No caso do fundo Maranta, a promotoria diz que 97% da sua carteira estão em cédulas de crédito bancário (CCBs) da Lormont Participações, do empresário Nelson Tanure, que somam R$ 73,3 milhões.
Procurada, a WNT disse que não exerce mais a gestão nem participa dos fundos mencionados desde o primeiro semestre de 2025. A Sefer afirmou aguardar o acesso à integra das investigações para se manifestar sobre o caso. “A decisão judicial tem caráter cautelar”. O Master não quis se pronunciar. A Acura afirmou que atuou por curto espaço de tempo como gestora de alguns dos fundos mencionados. “A decisão e responsabilidade pelos investimentos realizados foram exclusivamente da gestora anterior, conforme documentos públicos. Durante o período em que permaneceu como gestora dos fundos indicados, a Acura sempre atuou com diligência e envidou esforços na tentativa de recuperação de créditos vencidos. Por fim, afirma que não teve acesso aos autos e, por essa razão, não poderá se manifestar sob o ponto de vista jurídico da investigação.”
A reportagem também procurou as empresas citadas como cedentes dos FIDCs. A Simetria informou que todas as atividades desenvolvidas pela empresa são lícitas, regulares e amparadas pela legislação vigente. “No que se refere à investigação mencionada, a defesa ainda não teve acesso integral aos autos, razão pela qual não é possível, neste momento, apresentar qualquer manifestação específica”.

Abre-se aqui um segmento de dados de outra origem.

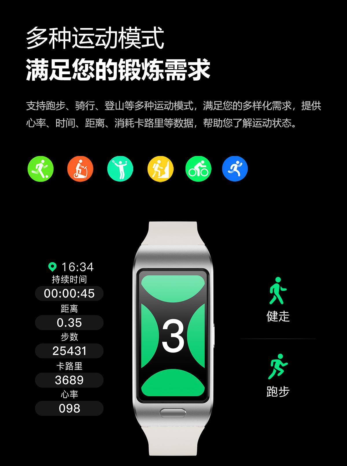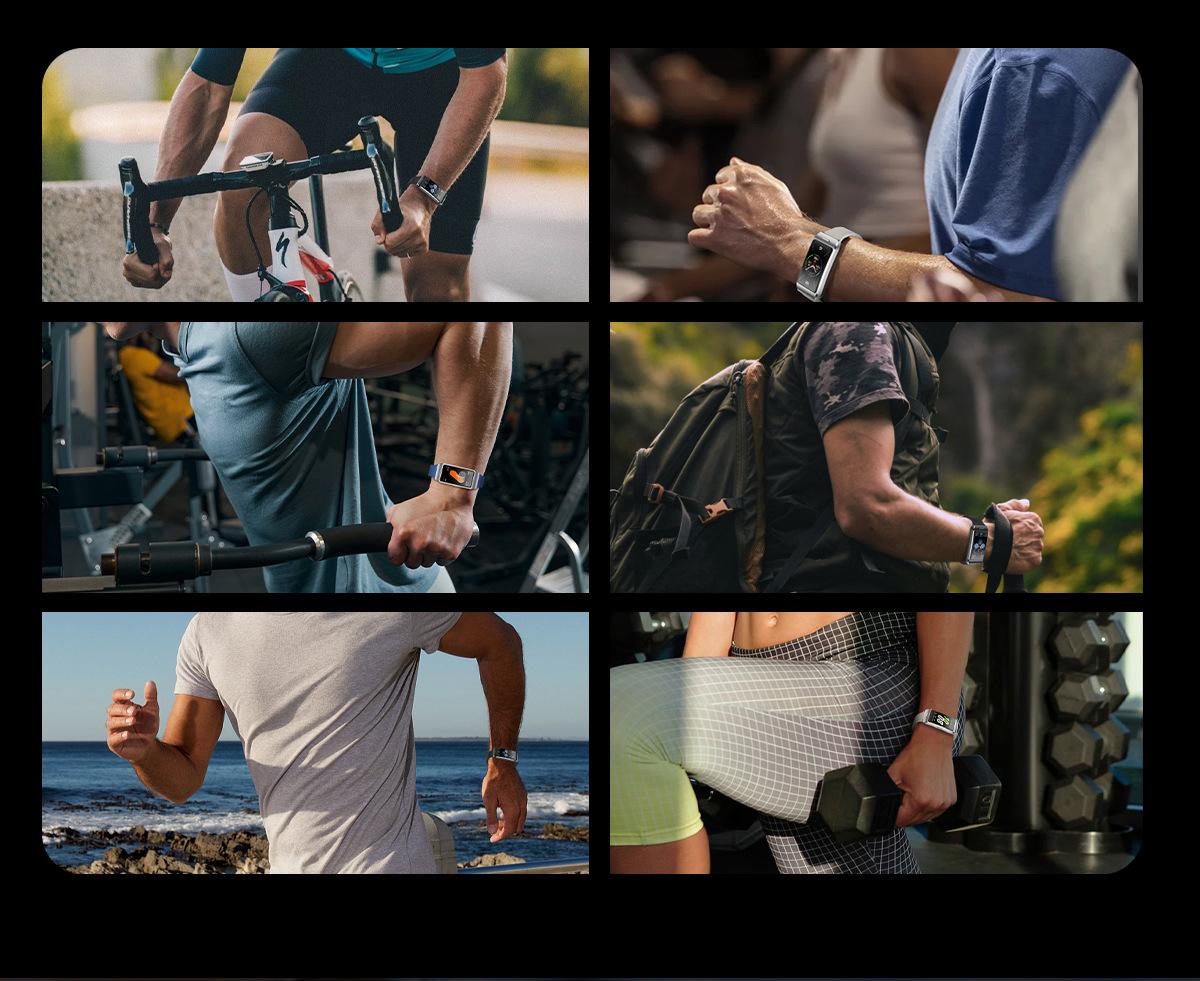 Deportes: Podómetro, caminata rápida, correr, fútbol, bádminton, tenis, baloncesto, tenis de mesa, ciclismo, montañismo, salto de cuerda, yoga, etc. Más de 100 modos deportivos

A defesa de Henrique e Natália Vorcaro reafirmou que o empresário não tem envolvimento em operações ilícitas ou irregulares. “Como nem o empresário nem sua defesa tiveram acesso aos respectivos autos citados nas reportagens, não é possível responder às questões solicitadas. É preciso destacar que o empresário está à disposição para esclarecer o que for necessário às autoridades.”